5. A data packing method according to claim 4, wherein file name length, number of data blocks, data block ID size and last data block size information are recorded in the physical header of the logical file.

6. A data packing method according to claim 5, characterized in that the file name data is stored after the physical header of the logical file, and the file name data is followed by the numbers of a group of unique data blocks, wherein the numbers correspond to the data blocks in the unique data block set one by one.

7. A data packing method according to claim 1, further comprising:

when data is read, the logic file is read firstly, then the corresponding data block is taken out from the storage system according to the FP sequence, and the physical file copy is restored.

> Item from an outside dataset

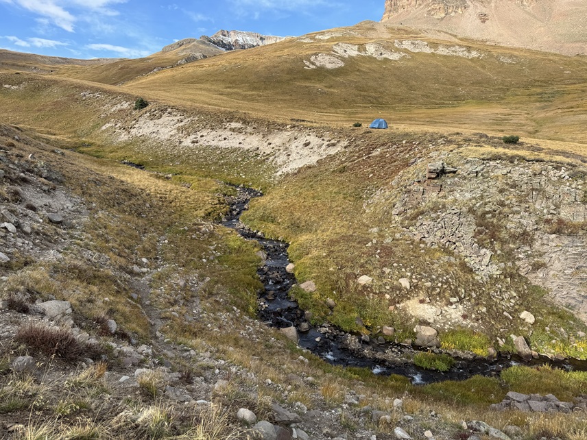 After hiking for 6 miles, and at 12050’ of elevation I found my campsite for the night. It’s important to note this spot even if you don’t plan on making this an overnight, as this is where you’ll cross the creek again.

8. A data packaging device is characterized by comprising a source file acquisition module, a segmentation module, a calculation processing module, a logic file creation module and a data packet generation module;

the source file acquisition module is used for acquiring a source file to be packaged;

the segmentation module is used for segmenting the acquired source file into data blocks;

the calculation processing module is used for calculating data blocks for which the FP fingerprints are deleted repeatedly by adopting a Hash algorithm and reserving the data blocks with the same FP fingerprints;

the logical file creating module is used for creating a logical file of the physical file corresponding to the data block and corresponding the physical file to the logical file;

and the data packet generating module is used for forming the FP fingerprints into a metadata sequence and packaging the source files to be packaged into data packets with set formats.

9. The data packaging apparatus of claim 8, further comprising a physical file restoring module, wherein the physical file restoring module is configured to read the logical file, and then retrieve the corresponding data block from the storage system according to the FP sequence to restore the physical file copy.